Data for this task –

..............................

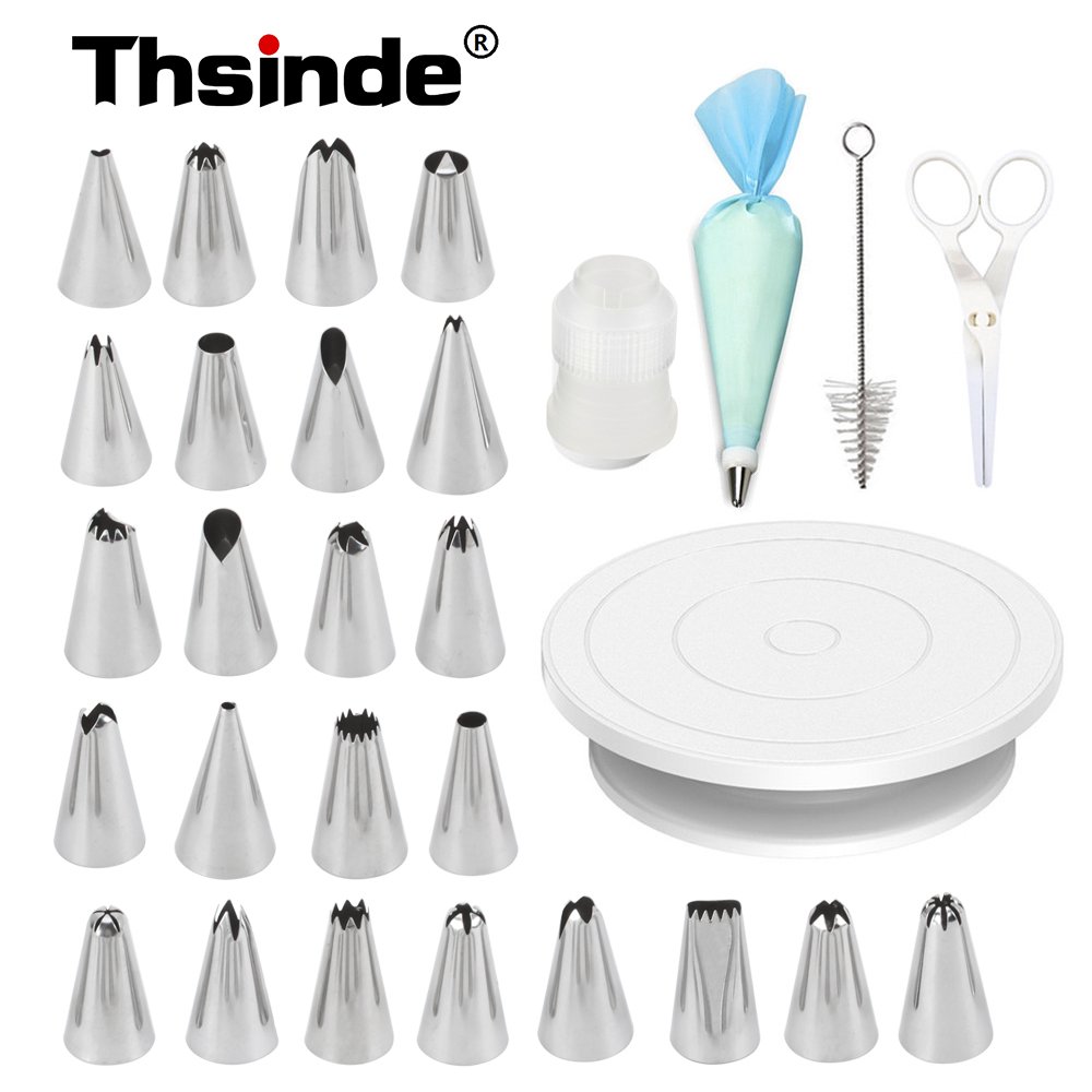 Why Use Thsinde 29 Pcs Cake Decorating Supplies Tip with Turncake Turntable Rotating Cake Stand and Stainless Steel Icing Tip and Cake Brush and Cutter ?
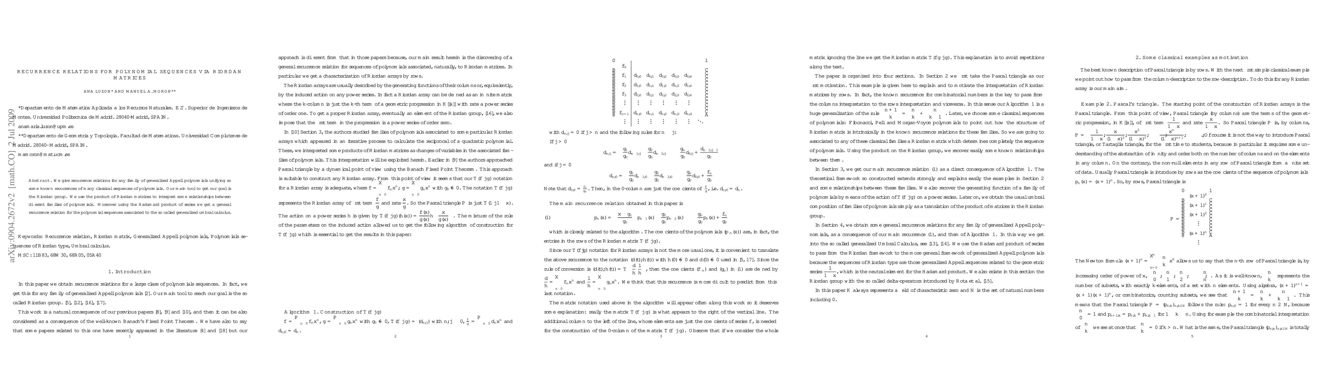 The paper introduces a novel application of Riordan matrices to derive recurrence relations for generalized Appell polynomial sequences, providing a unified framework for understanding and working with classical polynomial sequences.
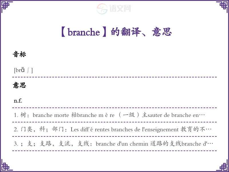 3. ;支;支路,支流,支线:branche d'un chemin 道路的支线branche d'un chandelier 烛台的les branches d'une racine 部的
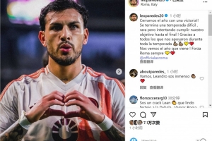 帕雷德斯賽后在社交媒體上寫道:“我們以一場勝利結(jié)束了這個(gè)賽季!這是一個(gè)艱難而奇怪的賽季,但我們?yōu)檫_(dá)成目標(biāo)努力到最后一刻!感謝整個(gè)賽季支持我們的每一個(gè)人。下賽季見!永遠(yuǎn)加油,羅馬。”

..............................

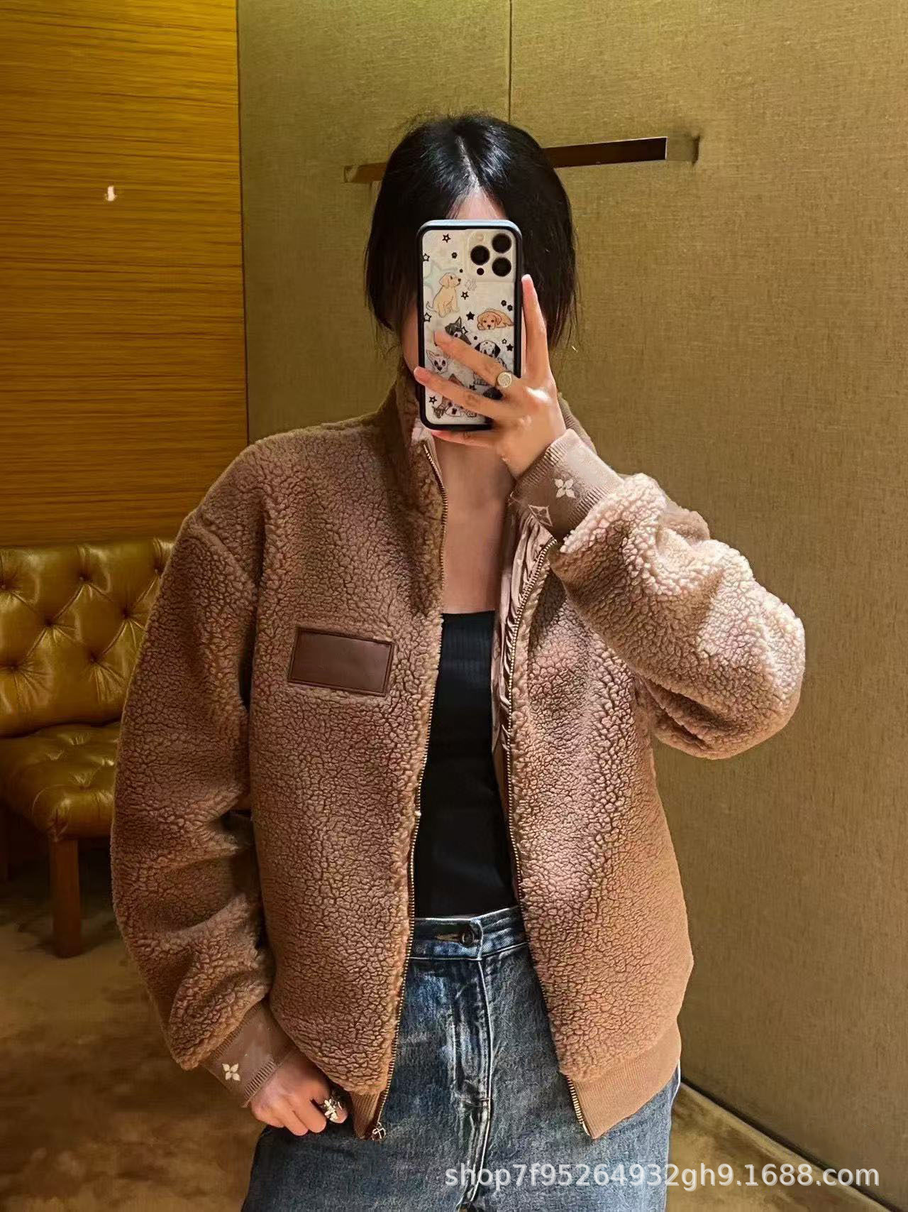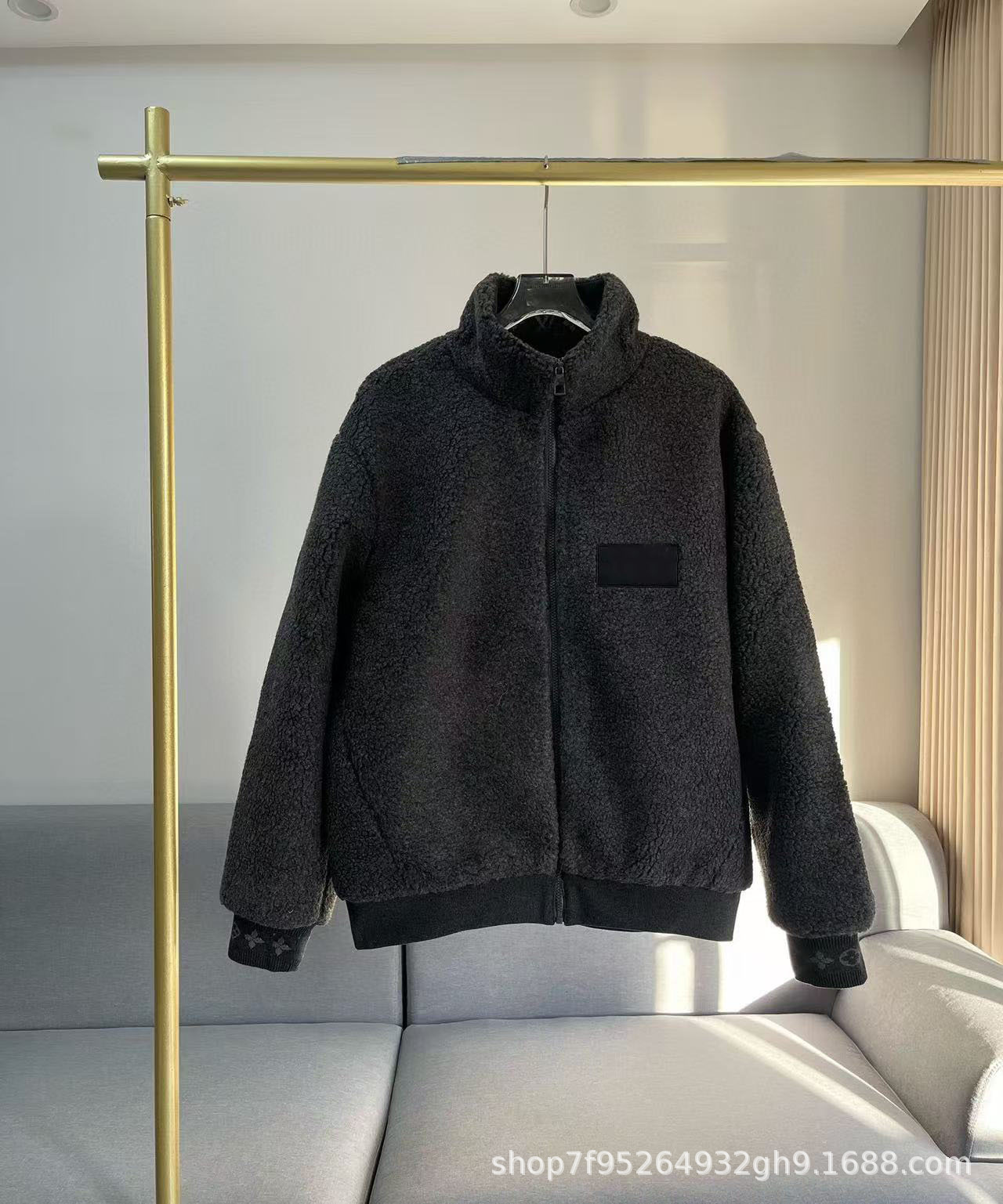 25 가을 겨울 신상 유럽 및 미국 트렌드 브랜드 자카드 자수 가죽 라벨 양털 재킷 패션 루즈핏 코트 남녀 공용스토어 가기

..............................

Problem to solve – Output exactly the lines above, beginning at the one with "The paper introduces" and stopping after the one with "帕雷德斯賽后在社交媒體上寫道". Pictures are to be omitted.

Written solution –
 The paper introduces a novel application of Riordan matrices to derive recurrence relations for generalized Appell polynomial sequences, providing a unified framework for understanding and working with classical polynomial sequences.
 3. ;支;支路,支流,支线:branche d'un chemin 道路的支线branche d'un chandelier 烛台的les branches d'une racine 部的
 帕雷德斯賽后在社交媒體上寫道:“我們以一場勝利結(jié)束了這個(gè)賽季!這是一個(gè)艱難而奇怪的賽季,但我們?yōu)檫_(dá)成目標(biāo)努力到最后一刻!感謝整個(gè)賽季支持我們的每一個(gè)人。下賽季見!永遠(yuǎn)加油,羅馬。”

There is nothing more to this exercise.